Deep Water
- First edition cover
- Author: Patricia Highsmith
- Cover artist: Polly Cameron
- Language: English
- Genre: Psychological thriller, mystery
- Publisher: Harper & Brothers
- Publication date: 1957
- Publication place: United States
- Media type: Hardcover
- Pages: 272
- ISBN: 978-0-393-32455-6

= Deep Water (Highsmith novel) =

1957 psychological thriller novel by Patricia Highsmith

Deep Water is a psychological thriller by Patricia Highsmith first published in 1957 by Harper & Brothers. It is Highsmith's fifth published novel. The working title was originally The Dog in the Manger. It was brought back into print in the United States in 2003 by W. W. Norton & Company.

==Plot==
Victor and Melinda Van Allen live in a loveless marriage in the small town of Little Wesley. In order to accommodate Melinda while avoiding divorce, theirs has become an open marriage within which Melinda is permitted to stray as long as she does not desert her family. Vic becomes fascinated with the unsolved murder of one of Melinda's former lovers, Malcolm McRae, and takes credit for it in order to successfully drive away her current fling. When the real murderer is apprehended, the community interprets Vic's false claim as a dark joke.

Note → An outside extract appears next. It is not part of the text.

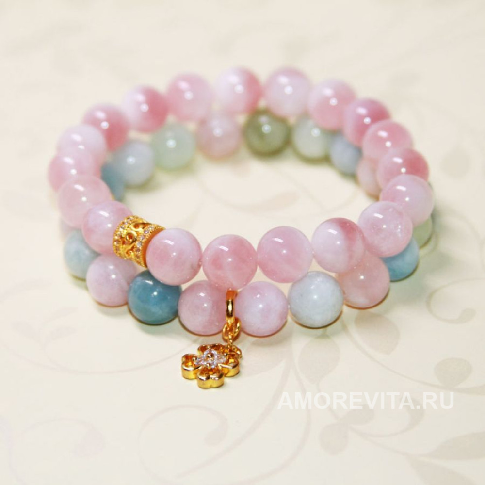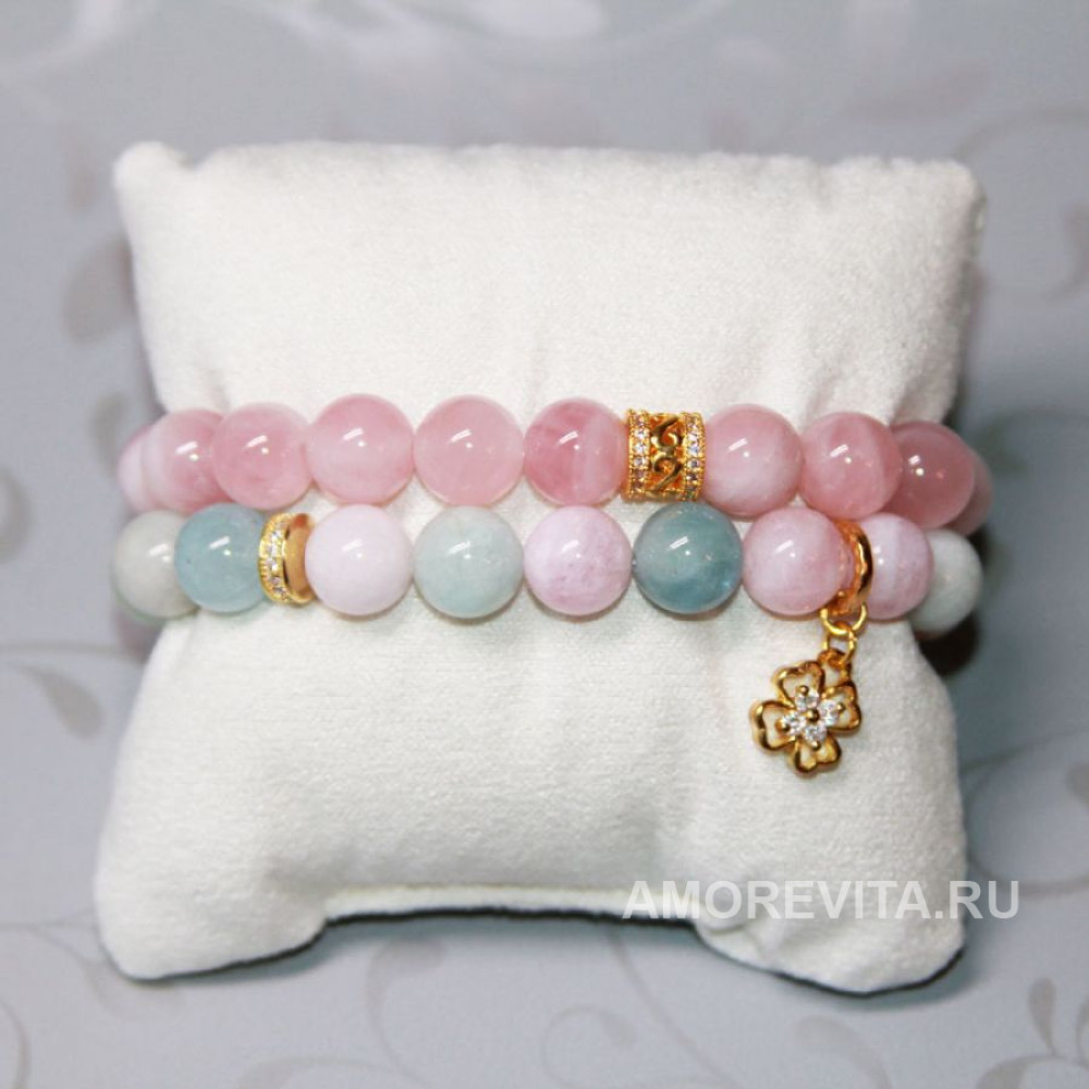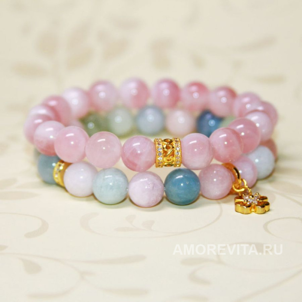 Камни (10мм) - красивое сочетание цветов - розовый Кварц мадагаскарский и разноцветные нежные оттенки Морганита.

Melinda begins a new relationship with a local pianist, Charley De Lisle. One night, at a party held in the home of their neighbors, the Cowans, Vic and Charley find themselves alone in the backyard swimming pool. Impulsively, Vic drowns Charley, leaves the pool, and feigns surprise when Charley's body is discovered. His death is attributed to a cramp, although Melinda is immediately suspicious of her husband.

The townsfolk begin to move on from the event, although some, particularly Don Wilson, a local pulp writer, begin to suspect Vic of foul play. Melinda demands Vic admit his guilt and accuses him in front of their friends, but Vic is undaunted, finding a sense of superiority in having gotten away with the crime. A newcomer to Little Wesley, Harold Carpenter, claims to be a psychiatrist at the local asylum. Vic deduces that he is really a private detective hired by Don and Melinda. Vic confronts him, and Carpenter leaves town, unable to incriminate Vic.

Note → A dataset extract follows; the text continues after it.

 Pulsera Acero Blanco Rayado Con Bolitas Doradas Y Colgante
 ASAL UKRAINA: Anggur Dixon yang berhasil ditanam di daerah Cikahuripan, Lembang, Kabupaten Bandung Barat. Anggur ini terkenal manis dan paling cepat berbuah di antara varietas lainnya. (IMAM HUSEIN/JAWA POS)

Melinda takes up with another lover, a surveyor from New York named Tony Cameron. Vic privately offers Melinda a divorce and she finally accepts, saying that Tony has offered to take her to his next assignment in Mexico. After a night in which Tony rudely insinuates himself into their home and embarrassing him in front of an author whose book Vic's small press is publishing, Vic runs into Tony in town and offers him a lift. Vic drives Tony to a quarry where he kills him and disposes of his body in the reservoir.

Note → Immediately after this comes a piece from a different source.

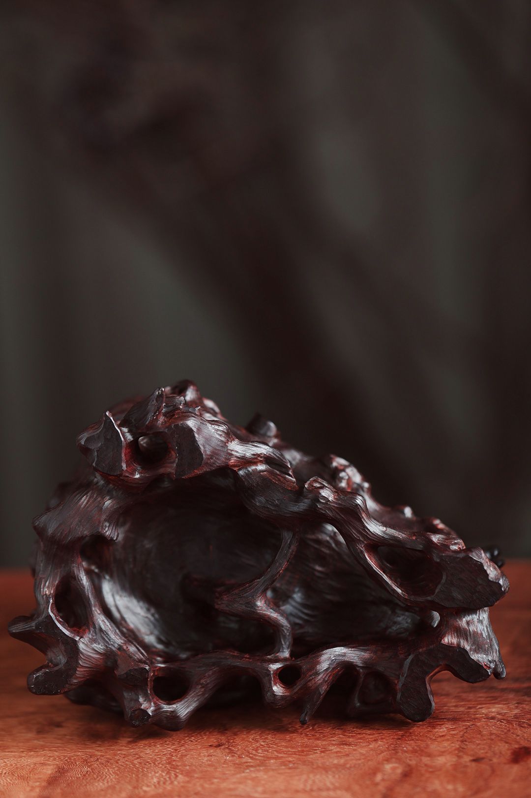 一木整雕,刀法细腻,镂空雕琢,

An investigation is opened into Tony's sudden disappearance. Many of the neighbors refuse to cooperate due to Vic's good standing, Melinda's antisocial behavior, and the police's theory that Tony and Melinda were planning to run away together. Vic escapes apprehension once more and, to his surprise and suspicion, finds Melinda more courteous, even loving, toward him, as though she wishes for them to start over again. When she attempts to use this new openness to draw Vic into confessing to the murders of Charley and Tony, Vic is sure it is a last-ditch ruse concocted by Melinda and Don.

Melinda finally implements a plan to bring Vic and Don to the quarry at the same time, where Don sees Vic looking at bloodstains left during the murder and looking into the reservoir to ensure Tony's body has not resurfaced. Vic knows, as the two of them leave, that Don will go directly to the police. Vic returns home, and in a sudden rage, strangles Melinda to death. At that moment, Don arrives with a policeman and Vic is led away.

==Reception==
Anthony Boucher, reviewing the novel in The New York Times, praised Highsmith's "coming of age as a novelist", and noted that Deep Water was "incomparably stronger in subtlety and depth of characterization" than her first novel, Strangers on a Train.

Author Gillian Flynn named the novel one of her favorites. In an interview with The Wall Street Journal, Flynn stated:About ten or fifteen years ago, I came across it in a used-book store. I remember thinking, "Why has no one told me about it?" People know her for Ripley or Strangers on a Train but don't know a lot of her other stuff. And, it being a marital thriller where all the phobias and fears and darkness are based mostly inside a couple's home, that has always interested me, that in-your-face warfare between a husband and wife.

==Film adaptation==
- The novel was adapted in 1981 by director Michel Deville for the film Eaux profondes, set in France. Jean-Louis Trintignant starred as Vic, with Isabelle Huppert as Melinda, renamed Melanie.
- In 1983 the novel was adapted a second time for the television film (in 2 parts) Tiefe Wasser, set in Germany. Peter Bongartz starred Vic van Allen, with Constanze Engelbrecht as Melinda.
- Adrian Lyne directed a film adaptation, released in 2022, starring Ben Affleck and Ana de Armas for 20th Century Studios based on a script by Zach Helm and Sam Levinson.